I want to share what I've been working on the last few weeks: O(1) inference across whole tasks through direct vector transformation. A few facts upfront to give you an idea of how it goes:

1. Implemented as part of a PoC of what I call the Promptable General Classifier (a classifier which can be prompted for general tasks, including (some, limited) reasoning tasks, and has inference-time hot swappable vocabulary/classes), and the 1.09B implementation:

    1. Runs 93x faster than Zephyr 7B (and this is being generous to Zephyr, as I had to add post-processing to extract labels from malformed LLM output, and I didn't count the time necessary to complete this post processing in the Zephyr's benchmarks

    2. Matches Zephyr 7B's batched accuracy across 13 tasks at 77.7% (the unbatched run with Zephyr gets one more correct, so it's 80%. The DSRU is much more deterministic, and it receives no accuracy boost from running unbatched). Note that I did prompt engineering on 2-3 of these to help the DSRU. The prompt engineering seemed to have no impact on Zephyr’s performance, which I’m assuming is due to its robustness as a professionally built LLM rather than a PoC of a new architecture made by a lone amateur researcher

    3. ~19x faster latency than Zephyr 7B
2. Separately trained on entailment tasks, and scored 80% (~2.66x better than chance) on a 3-label text entailment task (entails, contradicts, neutral), and 50% on a 3-label multiple choices entailment task ('1', '2', '3') - notes in the white paper on why the difference

3. The core model has an inference time at 1.09B of around 1ms per batch, but this is purely in post-attention latent space.
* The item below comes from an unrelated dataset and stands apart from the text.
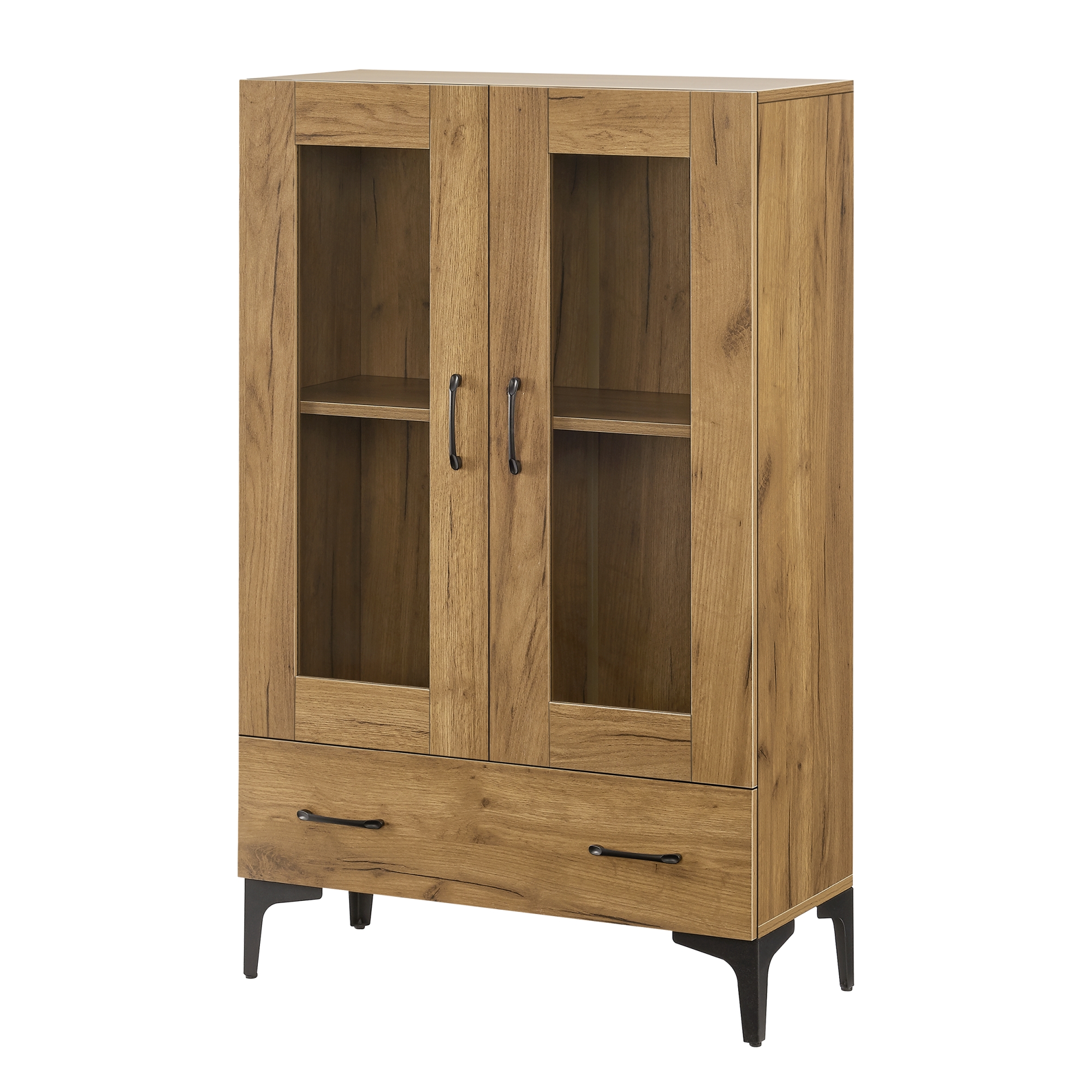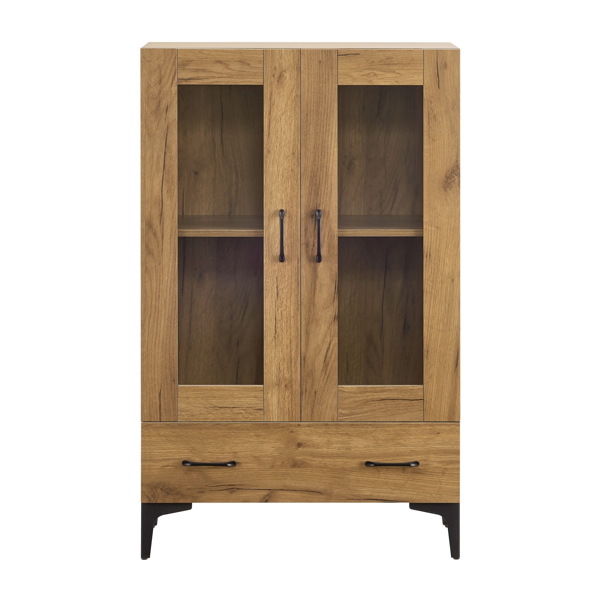 Vitrină living cu 2 uși din sticlă și sertar, finisaj stejar

This model has generalization capabilities, but lacks the full flexibility of an LLM. In exchange for giving that up, it gains extreme inference speeds, determinism, and extremely straightforward training with smooth loss landscapes. I was a bit hesitant to put this out so early, kept thinking about edge cases, ways I could add just a bit more rigor, etc, but I decided the perfect was the enemy of the good, and put together this white paper over the course of a couple of weekends with some midweek refinements.
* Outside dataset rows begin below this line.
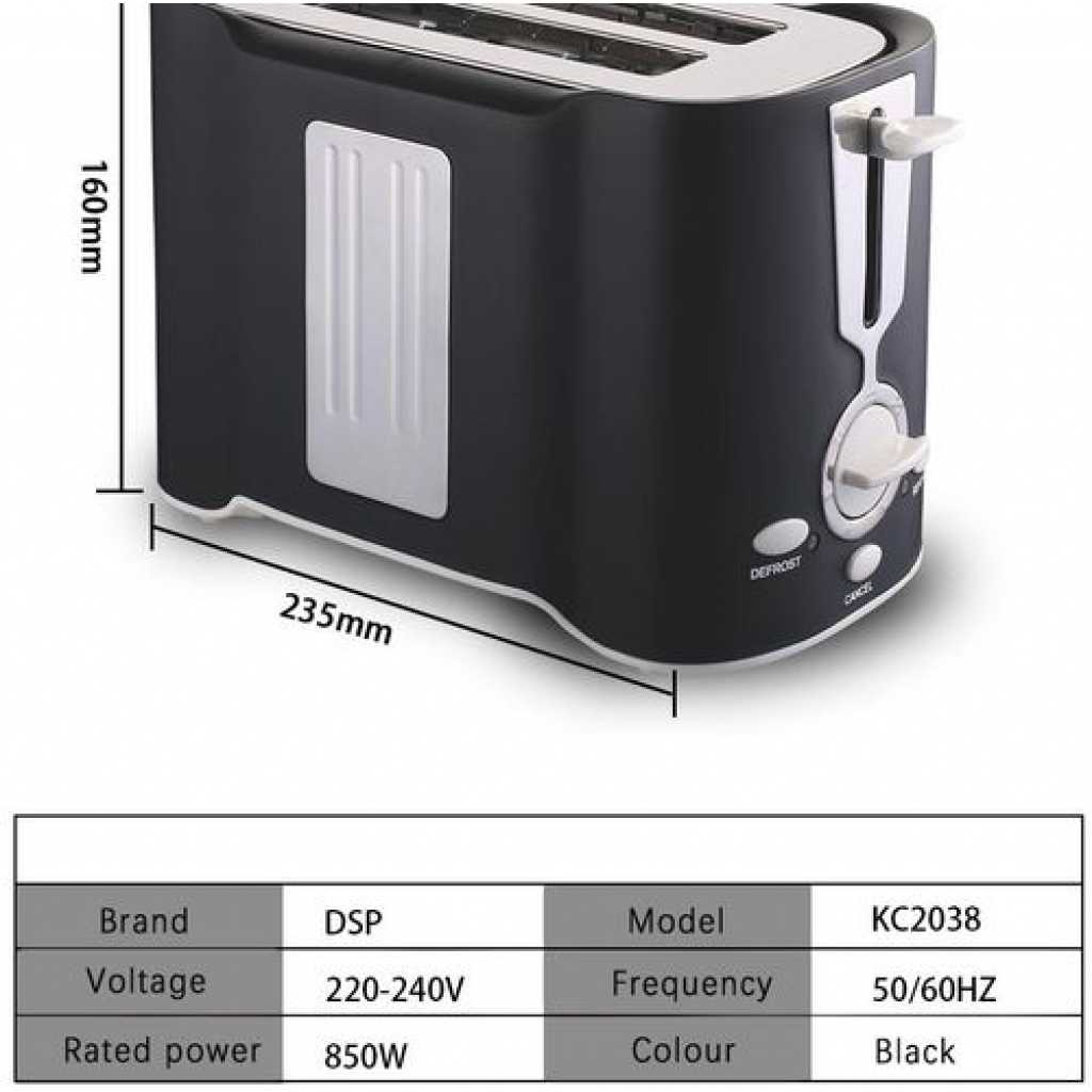Dsp Light Food 2 Slice Electric Breakfast Bread Toaster Oven -Black, White Enjoy freshly toasted bread every morning thanks to the DSP 2 Slice Toaster. it toasts bread evenly and consistently every time. Equipped with the variable browning control to ensure you have your toast the way you want it. When the bread is ready it pops up for your convenience. It has a cool touch to make sure you never burn yourself. Now watch that butter glide on your warm toasted bread. Enjoy!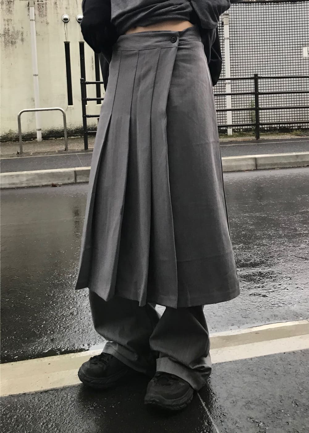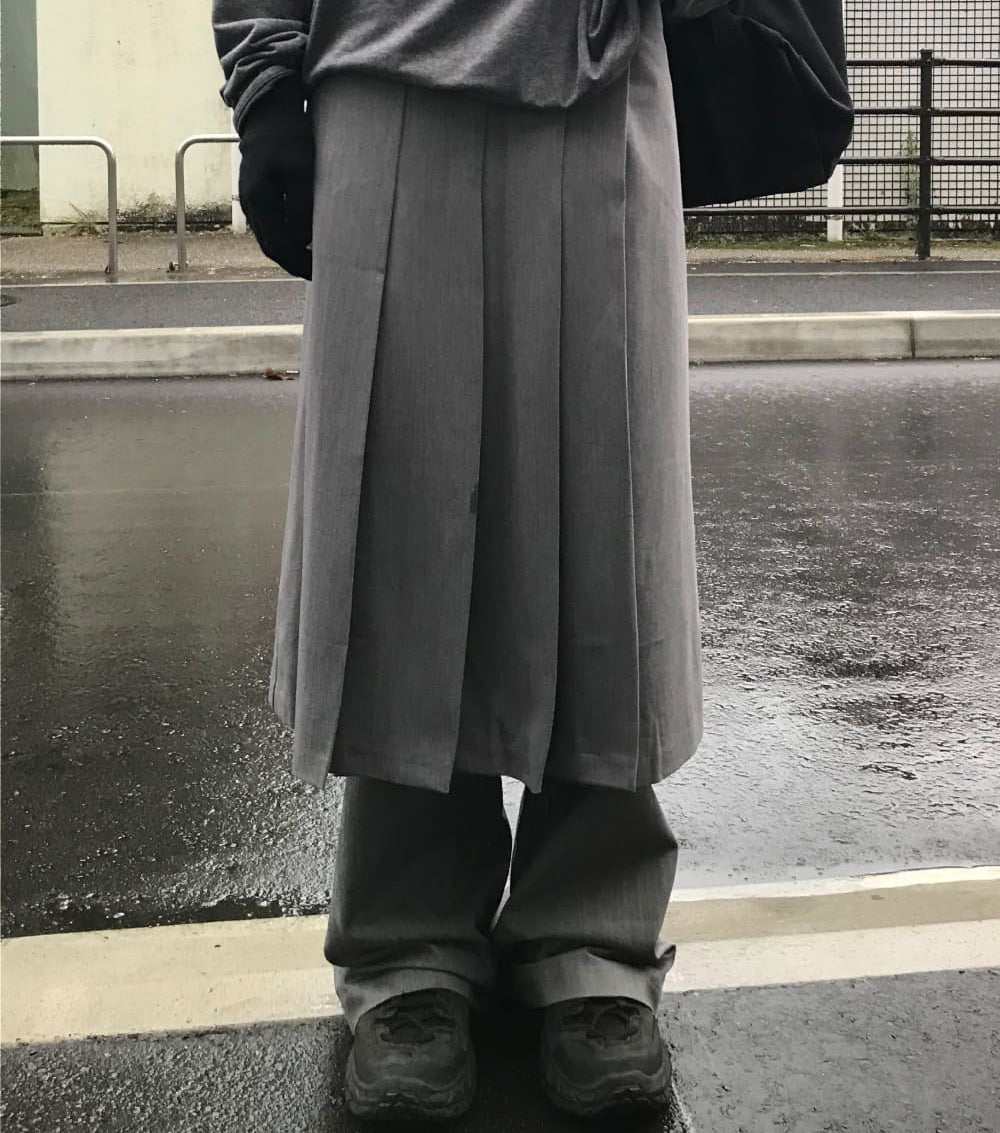 PLEATS WRAP BUTTON SKIRT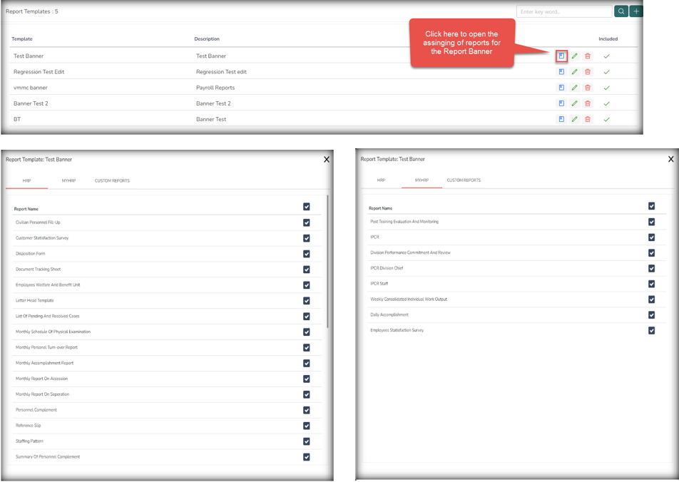 Assigning of Report Banner templates to HRP and MyHRP reports is now available, all selected reports will now reflect the image uploaded in the Header and Footer of the Report Banner Template.
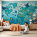 Tento tapeta s mapou oceánu je ideální volbou pro proměnu jakéhokoli prostoru v živý a vzdělávací obraz. Mapa zobrazuje svět s animovaným mořským motivem, včetně majestátních velryb, barevných ryb a živých korálů.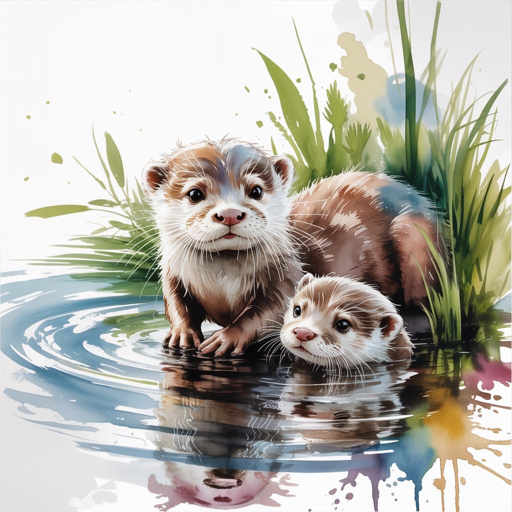 This image shows adorable otter babies playing on a river bank, rendered in a whimsical watercolour style with expressive brushstrokes and a harmonious blend of artistic influences.

I'll be releasing a full reference implementation of the training pipeline that can run on midrange consumer hardware with default settings on github in…I’m thinking 4 weeks, probably, depending on how busy I end up being - doing this with a day job has been...a lot, to say the least.
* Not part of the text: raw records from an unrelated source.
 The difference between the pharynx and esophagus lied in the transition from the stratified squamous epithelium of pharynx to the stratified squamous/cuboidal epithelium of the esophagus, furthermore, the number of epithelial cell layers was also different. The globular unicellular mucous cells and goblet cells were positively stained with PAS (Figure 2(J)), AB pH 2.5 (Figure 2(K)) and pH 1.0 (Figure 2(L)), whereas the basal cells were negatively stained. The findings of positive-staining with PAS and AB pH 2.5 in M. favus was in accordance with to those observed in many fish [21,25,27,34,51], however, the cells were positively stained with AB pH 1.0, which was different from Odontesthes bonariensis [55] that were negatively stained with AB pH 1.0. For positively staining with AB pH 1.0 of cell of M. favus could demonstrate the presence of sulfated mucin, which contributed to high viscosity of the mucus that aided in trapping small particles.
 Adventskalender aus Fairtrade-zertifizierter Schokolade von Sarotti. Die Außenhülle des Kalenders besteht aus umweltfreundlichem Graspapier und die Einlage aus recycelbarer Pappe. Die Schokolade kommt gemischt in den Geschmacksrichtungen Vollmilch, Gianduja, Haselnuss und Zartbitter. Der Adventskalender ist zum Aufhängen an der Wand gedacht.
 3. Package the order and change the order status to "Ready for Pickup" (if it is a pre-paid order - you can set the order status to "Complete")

I’d release it now, but frankly, it’s an embarrassing ball of mud that I hacked my way do haphazardly while chasing positive signal. Now that I’ve gotten this far, I can implement it more thoughtfully - and try a new specific model architecture that I think will work a lot better for a lot of comparative reasoning tasks.

It is patent pending, but I'm permitting personal experimentation and thesis work without restriction. This includes grad students using it for their degrees! You can share results and discuss your work, but distribution of trained models or derivatives is not permitted. For funded research, institutional use, or anything commercial, usage is not permitted for now.

I hope you all find it interesting!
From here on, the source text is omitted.